Optionally, the control signal circuit further includes a second adjustable resistor, a third adjustable resistor, a fourteenth resistor, a fifteenth resistor, a sixteenth resistor, a seventeenth resistor, an eighteenth resistor, and an eighth capacitor;

one end of the fixed end of the second adjustable resistor is connected with the 15 pin of the TL494 chip and one end of the fifteenth resistor, the other end of the fixed end of the second adjustable resistor and the adjusting end of the second adjustable resistor are connected with the other end of the fifteenth resistor, and the connection between the fixed end of the second adjustable resistor and the fifteenth resistor is used for connecting the current feedback signal;

one end of the fourteenth resistor is connected with a connection point of fixed ends of the 15 pin of the TL494 chip, the fifteenth resistor and the second adjustable resistor, and the other end of the fourteenth resistor is used for connecting a 5V direct-current power supply;

one end of the sixteenth resistor is connected with a connection point of the 15 pin of the TL494 chip, the fifteenth resistor and the fourteen resistor, and the other end of the sixteenth resistor is grounded through the eighth capacitor; one end of the seventeenth resistor is connected with the 15 pin of the TL494 chip and the connection point of the sixteenth resistor, the other end of the seventeenth resistor is connected with one end of the eighteenth resistor and the adjusting end of the third adjustable resistor, the other end of the eighteenth resistor is grounded, one end of the fixed end of the third adjustable resistor is used for being connected with a 5V direct-current power supply, and the other end of the fixed end of the third adjustable resistor is grounded.

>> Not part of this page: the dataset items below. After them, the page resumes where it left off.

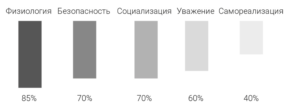 Выйти на новый уровень пирамиды Маслоу можно только после удовлетворения потребностей предыдущего. При этом совершенно не обязательно закрывать потребности на каждой ступени пирамиды на все 100 %. У уровней есть условная граница (иногда выше, иногда ниже), достижение которой позволяет двигаться на следующую ступень.
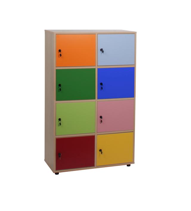 Taquilla con 8 puertas y cerraduras desiguales amaestradas. Fabricado en melamina de haya de 19 mm de grosor, excepto trasera de 10 mm, puertas de 16 mm y cantos de PVC de 2 mm, acabado por las dos caras. Pies niveladores de PVC de 4 cm de diámetro y 4 cm de altura, para evitar la humedad y desniveles que pueda tener el suelo. Estos pies pueden ser retirados para poder superponer diferentes armarios. PUERTAS INTERIORES ANTIATRAPAMIENTO DE DEDOS EN SU CIERRE y tiradores de polímero suave (goma) (antigolpes).
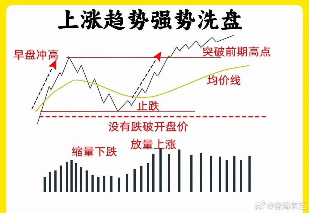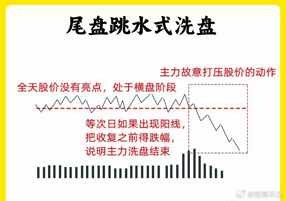 注意了!大部分散户在判断主力洗盘和出货,往往是大家最难分辨的。尤其是分时洗盘,分时图又是我们绕不开的试图。今天我就分享六种分时洗盘形态,建议认真看完还是老规矩,点赞收藏或评论888支持一下,我每天分享炒股干货,以免以后想温习找不到了一、冲高回落型洗盘在分时图里,股价在盘中出现大幅拉升,上涨幅度7%左右,主力故意不封板,随后股价开始回调。等到收盘的时候,一般是平盘、小涨收盘。这属于主力强势洗盘,我们需要注意两个细节,一个股价洗盘的位置,和股价冲高以后回调,成交量是否缩量二、上涨趋势强势洗盘在分时图里,股价处于上涨趋势里,突然股价开始大幅下跌,当时没有多少成交量,随后有开始止跌反弹向上,放出成交量,突破前期高点,这是主力边拉边洗的走势,我们需要注意,股价快速下跌成交量。整个分时图里,均价线一直处于向上三、波段式洗盘分时图里,股价先上涨,再下跌,再上涨,在下跌,整个过程里,股价低点在不断的抬高,整体的涨幅却不是很大。散户在里面就比较难受,这是主力用时间来换空间,清洗不坚定的筹码四、尾盘跳水式洗盘全天走势一般,处于一个横盘震荡的走势,等到尾盘突然大幅下跌,一般会超过3%但是呢,整个下跌过程里,成交量并没有放大,等到收盘就形成十字星或是长影线K线。五、炸板分时洗盘股价在分时图里,出现涨停,随后开始炸板回调,当时下跌的幅度不大,随后在封板,出现多次的炸板。所以就会导致换手率变大,这是主力手法,一般这种洗盘方法会在,一进二的阶段,已经出现首板涨停六、横盘震荡型洗盘全天窄幅震荡,织布机走势,这个盘面,看着很无趣。成交量出现缩量,主力已经锁仓,这种横盘缩量的走势很磨心态好了!以上就是分时图的六种洗盘形态。下方我准备了案例图,建议把案例牢记在心里。如果还有什么问题,可以留言告诉我。希望对大家有启发,也是最为基础的内容,一定吃透。我们下期内容再见

Optionally, the control signal circuit further includes a first resistor, a second resistor, a third resistor, a fourth resistor, a seventh resistor, a first capacitor, a third capacitor, a diode, and a triode;

one end of the first resistor is connected with the 4 pins of the TL494 chip, and the other end of the first resistor is grounded; one end of the second resistor is connected with the 4 pins of the TL494 chip, and the other end of the second resistor is used for connecting a 5V direct-current power supply; the first capacitor C1 is connected in parallel with the second resistor R2; a collector of the triode is connected with the anode of the diode, the collector is connected with a 5V direct-current power supply through a seventh resistor, the collector is grounded through a third capacitor, a base is connected with the output end of the laser driving source through the third resistor, the base is grounded through the fourth resistor, and an emitter is grounded; the cathode of the diode is connected with the 4-pin of the TL494 chip.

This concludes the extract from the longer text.